The question of whether to believe the household or payroll survey is laden with political overtones, after partisans skipped from citing which ever result favored their position in a particular month, then off to the other when it suited better. The argument itself is now quite tainted. There is very good reason to think that, over the course of several months, the payroll survey will give a better indication of how many new jobs have been created than will the household survey. How much better? Enough better that, to avoid confusing the issue, I’ll allow the household survey zero weight in any given month. It sparks my curiousity when the two diverge for an extended period, but if I cannot devise any method better than guessing to figure out why they have diverged, I’ll prefer the superior series.
These are two different series. We should treat them as such, recognize which has historically been more reliable, then move on to the rest of the report.
JDH,
I’m going to make an argument about methodolgy I’m fairly confident about, but I would really like to be convinced that I’m wrong.
I gather that the use of multiple, independent measures to increase accuracy of estimates is NOT a mathematical truism, and cannot be applied to the case of household and establishment estimates of employment.
Let’s make an analogy to the introductory chemistry laboratory:
If you’re making 100 observations of the weight of a substance, using the same scale (with a predetermined bias), under substantially invariant weight and pressure conditions, then yes, the sample mean beats the individual esimates.
But if you’re making 2 observations of the same substance, even under substantially invariant weight and pressure conditions, but using two independent and different scales, each with different unknown biases and variances, it’s not clear that aggregation yields a more reliable result.
I think the employment numbers reflect the second case because we do not have a benchmark for measuring the bias of either series.
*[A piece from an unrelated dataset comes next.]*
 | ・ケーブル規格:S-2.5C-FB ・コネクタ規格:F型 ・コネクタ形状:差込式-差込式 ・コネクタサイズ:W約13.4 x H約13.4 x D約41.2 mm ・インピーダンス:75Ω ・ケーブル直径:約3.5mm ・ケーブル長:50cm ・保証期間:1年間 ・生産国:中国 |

If you add a largely biased measure to an largely unbiased one, the mean is going to be more biased than the consistently best estimate…
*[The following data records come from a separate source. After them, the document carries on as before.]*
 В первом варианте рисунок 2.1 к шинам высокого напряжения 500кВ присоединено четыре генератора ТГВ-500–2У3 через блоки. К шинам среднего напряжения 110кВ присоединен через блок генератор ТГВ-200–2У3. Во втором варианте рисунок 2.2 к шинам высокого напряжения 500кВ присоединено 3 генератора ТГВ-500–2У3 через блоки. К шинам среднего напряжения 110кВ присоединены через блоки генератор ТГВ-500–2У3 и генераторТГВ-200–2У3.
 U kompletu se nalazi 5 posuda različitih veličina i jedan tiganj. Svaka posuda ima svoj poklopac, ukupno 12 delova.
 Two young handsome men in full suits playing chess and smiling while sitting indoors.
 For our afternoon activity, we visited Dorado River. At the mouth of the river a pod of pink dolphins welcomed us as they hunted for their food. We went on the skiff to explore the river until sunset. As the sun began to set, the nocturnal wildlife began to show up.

Not at all, Kevin. I’m talking precisely about the statistical theory and practical experience on the benefits that result from combining different measures or forecasts that may have been constructed using possibly completely different methodologies or data sets. For a brief survey of this literature you can look at the chapter that my colleague Allan Timmermann has written for the forthcoming “Handbook of Economic Forecasting”: http://www.econ.ucsd.edu/%7Eatimmerm/combine.pdf
May was the 32 nd straight month in which more than one out of every five unemployed workers had been looking for work for more than six months, the longest such period on record. June saw some improvement, with the share of long-term unemployed dropping by 2.3 percentage-points to 17.8 percent. However, such a high long-term unemployment level is unusual when the unemployment rate is low; historically, 5 percent unemployment rates have been accompanied by average long-term jobless rates of 10.7 percent.
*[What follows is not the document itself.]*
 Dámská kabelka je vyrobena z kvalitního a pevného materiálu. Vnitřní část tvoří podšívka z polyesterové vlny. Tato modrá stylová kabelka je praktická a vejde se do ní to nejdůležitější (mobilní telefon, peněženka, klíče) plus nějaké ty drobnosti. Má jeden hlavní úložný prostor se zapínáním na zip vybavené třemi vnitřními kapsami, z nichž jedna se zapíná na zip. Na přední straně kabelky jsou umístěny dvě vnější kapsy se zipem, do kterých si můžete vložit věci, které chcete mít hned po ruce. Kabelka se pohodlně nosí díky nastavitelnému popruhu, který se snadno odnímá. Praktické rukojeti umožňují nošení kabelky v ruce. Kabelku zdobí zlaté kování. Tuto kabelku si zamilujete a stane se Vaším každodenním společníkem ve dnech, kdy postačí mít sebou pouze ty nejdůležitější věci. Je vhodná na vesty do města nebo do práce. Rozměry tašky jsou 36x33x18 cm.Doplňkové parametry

http://www.workingforamerica.org/econupdate.htm
How shaky is the US labour market?
The short answer is: shakier than the headline job numbers suggest. Now here is
Since the oldest baby boomers are now entering their 60’s, it seems we would expect there to be a big reduction in the fraction of the population that is in the workforce over the next 20 years.
Of course, I think that “letting” people retire because they hit some magical number that we came up with a generation ago is nuts, and we need to get those folks working.